(Data records)
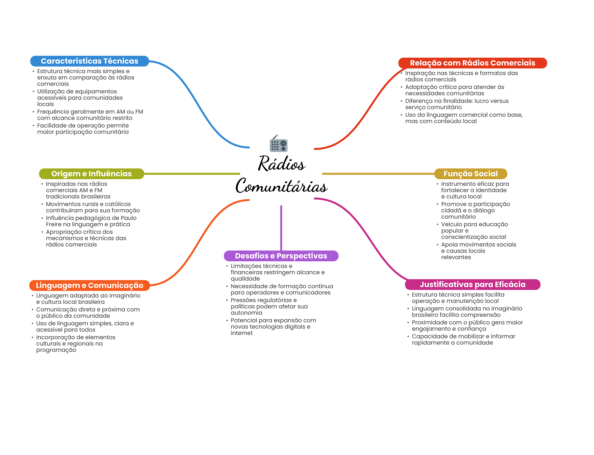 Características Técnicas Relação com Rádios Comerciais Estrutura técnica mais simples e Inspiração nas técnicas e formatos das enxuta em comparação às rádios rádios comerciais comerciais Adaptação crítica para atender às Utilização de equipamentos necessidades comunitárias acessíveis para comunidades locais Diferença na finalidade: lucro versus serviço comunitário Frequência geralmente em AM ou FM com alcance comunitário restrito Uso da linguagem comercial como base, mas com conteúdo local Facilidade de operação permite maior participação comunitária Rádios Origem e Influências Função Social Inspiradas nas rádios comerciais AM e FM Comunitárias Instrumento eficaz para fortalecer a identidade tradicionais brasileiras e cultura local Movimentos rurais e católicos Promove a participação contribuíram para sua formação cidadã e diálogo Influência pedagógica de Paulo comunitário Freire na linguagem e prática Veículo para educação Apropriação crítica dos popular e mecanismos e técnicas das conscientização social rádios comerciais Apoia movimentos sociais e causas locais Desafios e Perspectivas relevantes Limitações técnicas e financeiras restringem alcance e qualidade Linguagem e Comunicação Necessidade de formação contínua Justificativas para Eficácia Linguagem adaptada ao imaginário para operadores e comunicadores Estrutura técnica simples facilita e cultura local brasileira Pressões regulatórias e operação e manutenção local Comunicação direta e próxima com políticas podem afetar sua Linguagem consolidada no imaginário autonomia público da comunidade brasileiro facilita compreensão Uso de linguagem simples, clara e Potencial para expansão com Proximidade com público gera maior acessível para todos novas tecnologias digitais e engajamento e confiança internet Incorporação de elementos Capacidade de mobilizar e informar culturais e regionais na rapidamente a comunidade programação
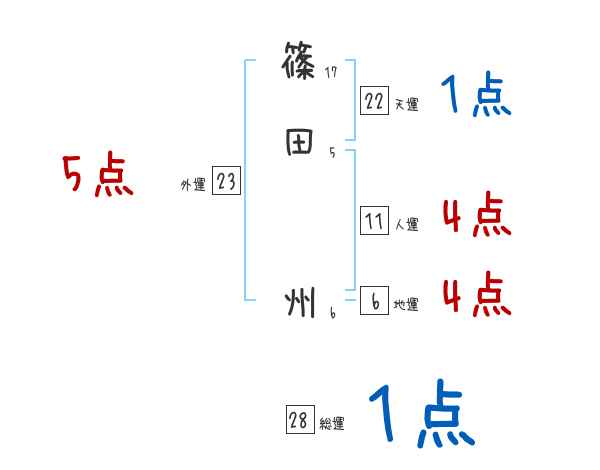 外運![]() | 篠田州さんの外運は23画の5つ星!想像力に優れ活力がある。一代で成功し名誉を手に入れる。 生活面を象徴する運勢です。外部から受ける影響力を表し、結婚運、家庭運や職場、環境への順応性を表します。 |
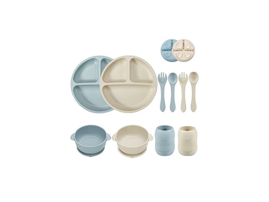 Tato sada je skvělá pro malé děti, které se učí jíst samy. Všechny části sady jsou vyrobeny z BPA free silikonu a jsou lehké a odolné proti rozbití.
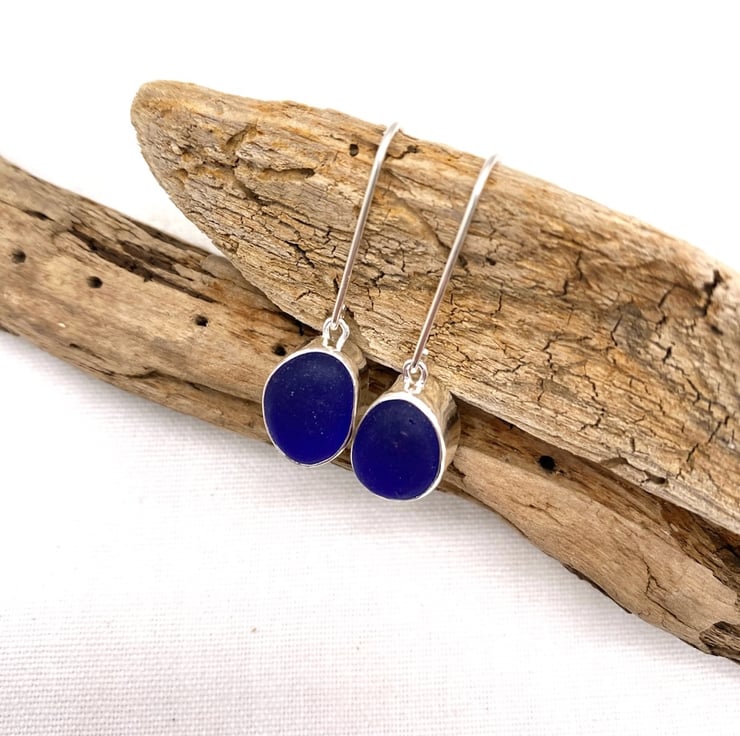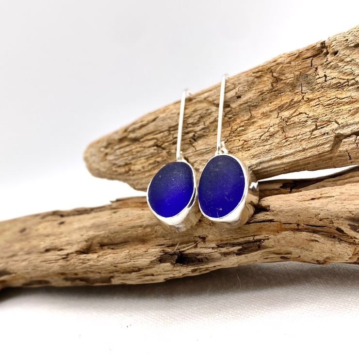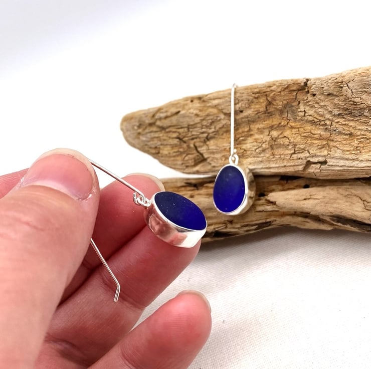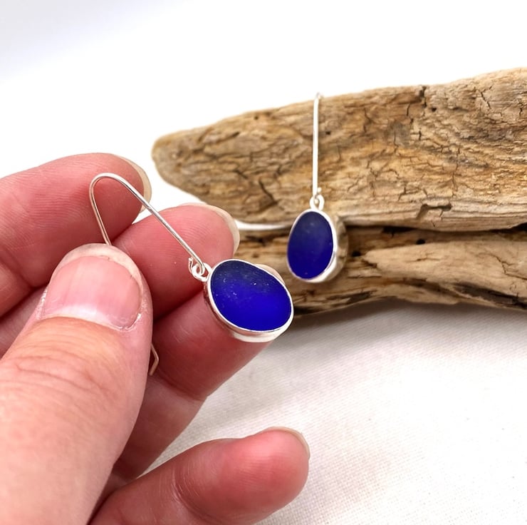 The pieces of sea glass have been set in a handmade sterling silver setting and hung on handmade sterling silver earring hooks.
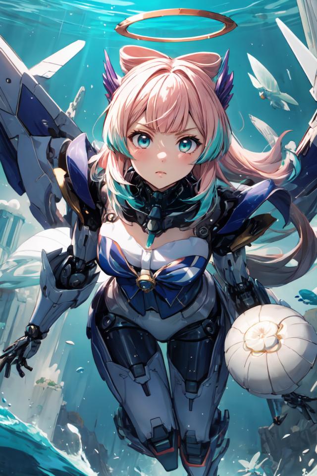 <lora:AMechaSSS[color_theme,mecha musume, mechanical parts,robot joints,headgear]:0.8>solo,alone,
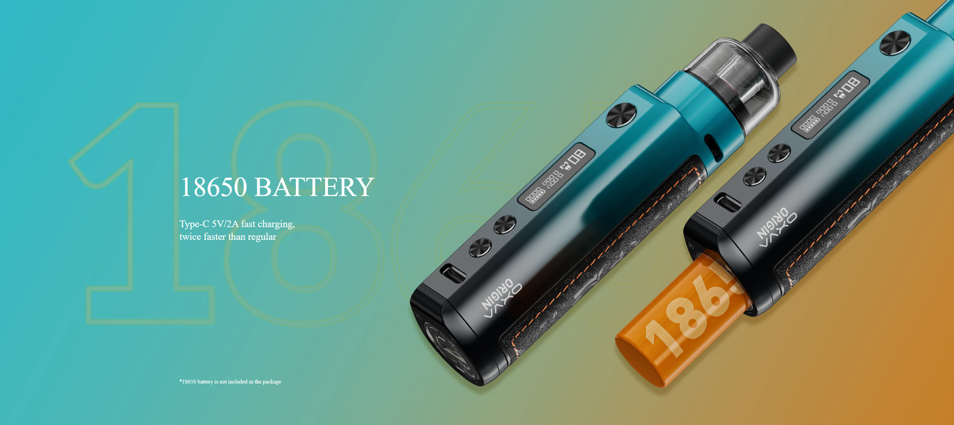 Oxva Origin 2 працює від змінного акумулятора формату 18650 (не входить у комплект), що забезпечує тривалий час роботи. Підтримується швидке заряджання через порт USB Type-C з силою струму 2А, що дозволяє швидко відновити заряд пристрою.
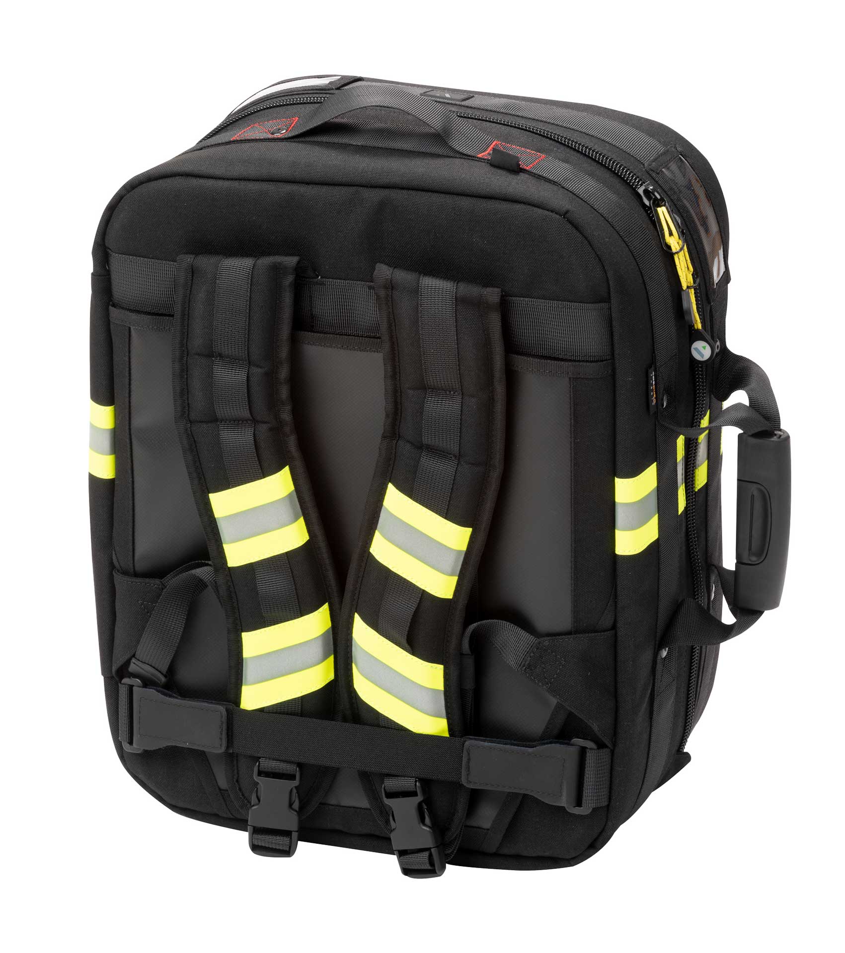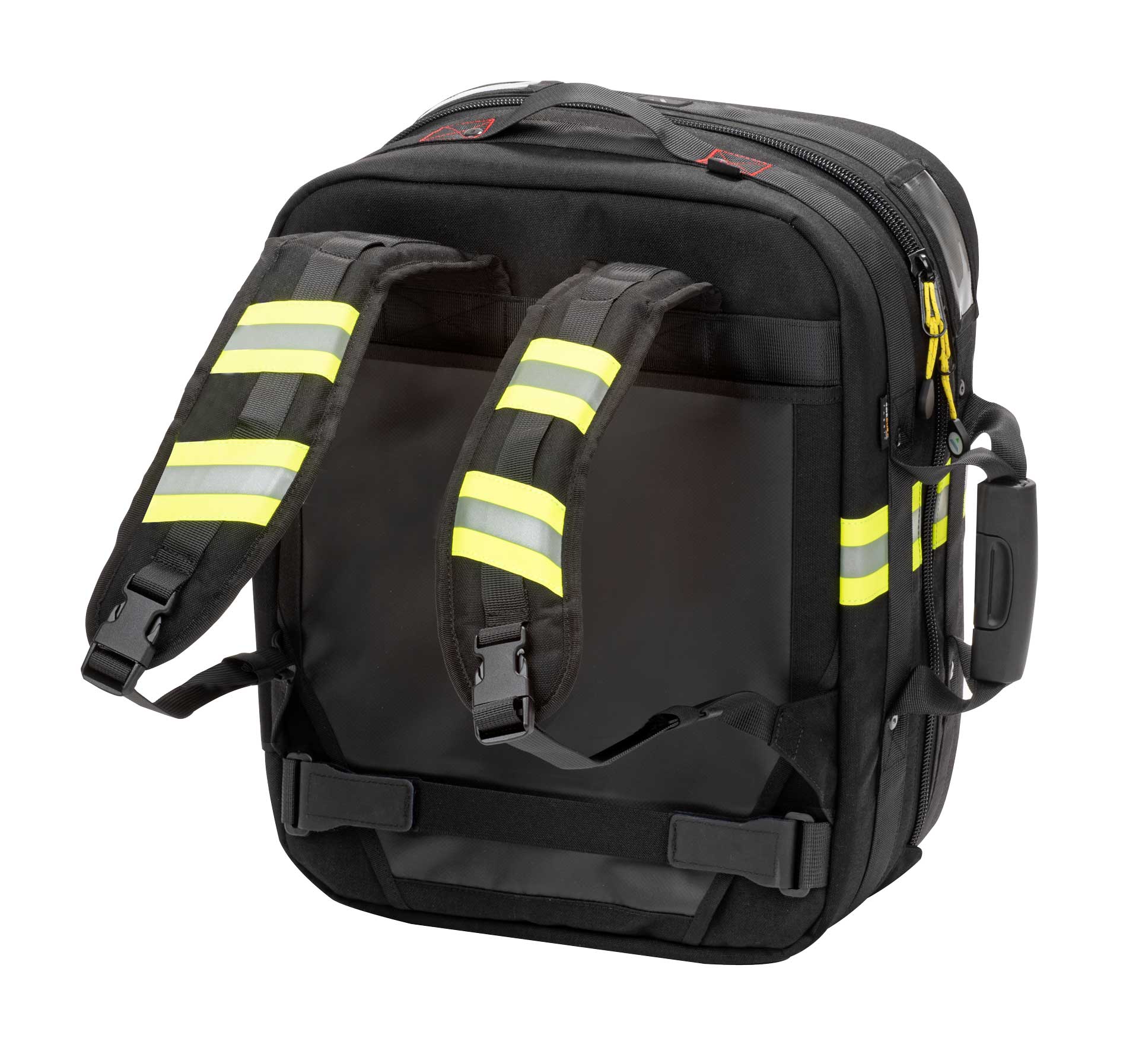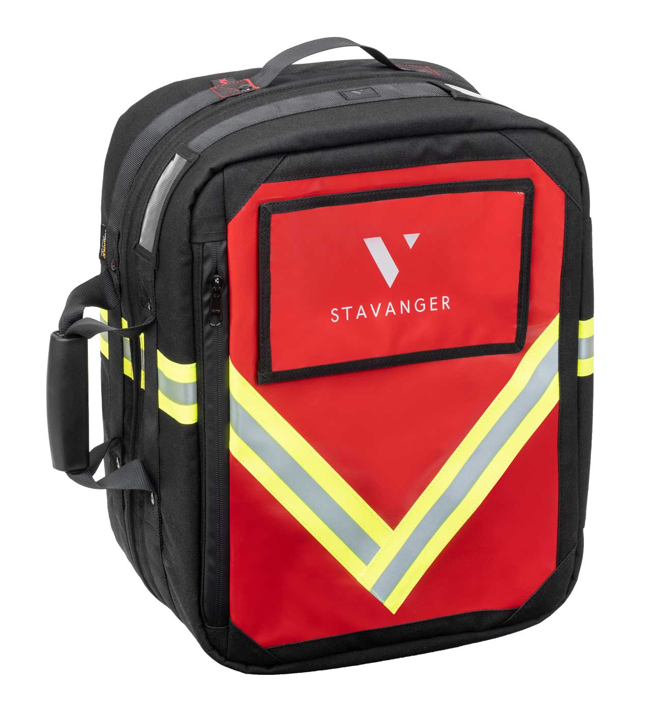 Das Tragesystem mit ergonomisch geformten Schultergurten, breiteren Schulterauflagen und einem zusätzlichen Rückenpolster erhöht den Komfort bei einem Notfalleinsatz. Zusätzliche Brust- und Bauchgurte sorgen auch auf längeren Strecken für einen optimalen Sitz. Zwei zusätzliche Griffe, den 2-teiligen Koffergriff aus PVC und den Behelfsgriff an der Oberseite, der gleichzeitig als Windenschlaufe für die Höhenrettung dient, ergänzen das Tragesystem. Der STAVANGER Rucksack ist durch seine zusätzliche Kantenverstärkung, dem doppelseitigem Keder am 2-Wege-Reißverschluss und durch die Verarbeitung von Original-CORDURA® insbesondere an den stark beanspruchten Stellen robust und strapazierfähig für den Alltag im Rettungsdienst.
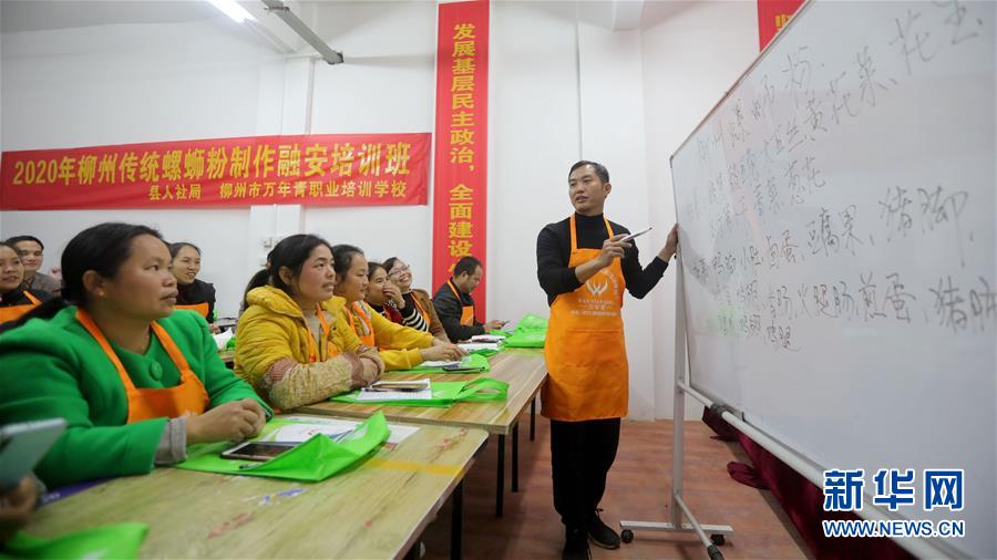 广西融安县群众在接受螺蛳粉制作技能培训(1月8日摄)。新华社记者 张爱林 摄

(Aim of the exercise) Where the line with "<lora:AMechaSSS[color_theme,mecha musume, mechanical" appears in the entries above, begin there and restate every line to the end word for word, minus the pictures.

(Your response)
 <lora:AMechaSSS[color_theme,mecha musume, mechanical parts,robot joints,headgear]:0.8>solo,alone,
 Oxva Origin 2 працює від змінного акумулятора формату 18650 (не входить у комплект), що забезпечує тривалий час роботи. Підтримується швидке заряджання через порт USB Type-C з силою струму 2А, що дозволяє швидко відновити заряд пристрою.
 Das Tragesystem mit ergonomisch geformten Schultergurten, breiteren Schulterauflagen und einem zusätzlichen Rückenpolster erhöht den Komfort bei einem Notfalleinsatz. Zusätzliche Brust- und Bauchgurte sorgen auch auf längeren Strecken für einen optimalen Sitz. Zwei zusätzliche Griffe, den 2-teiligen Koffergriff aus PVC und den Behelfsgriff an der Oberseite, der gleichzeitig als Windenschlaufe für die Höhenrettung dient, ergänzen das Tragesystem. Der STAVANGER Rucksack ist durch seine zusätzliche Kantenverstärkung, dem doppelseitigem Keder am 2-Wege-Reißverschluss und durch die Verarbeitung von Original-CORDURA® insbesondere an den stark beanspruchten Stellen robust und strapazierfähig für den Alltag im Rettungsdienst.
 广西融安县群众在接受螺蛳粉制作技能培训(1月8日摄)。新华社记者 张爱林 摄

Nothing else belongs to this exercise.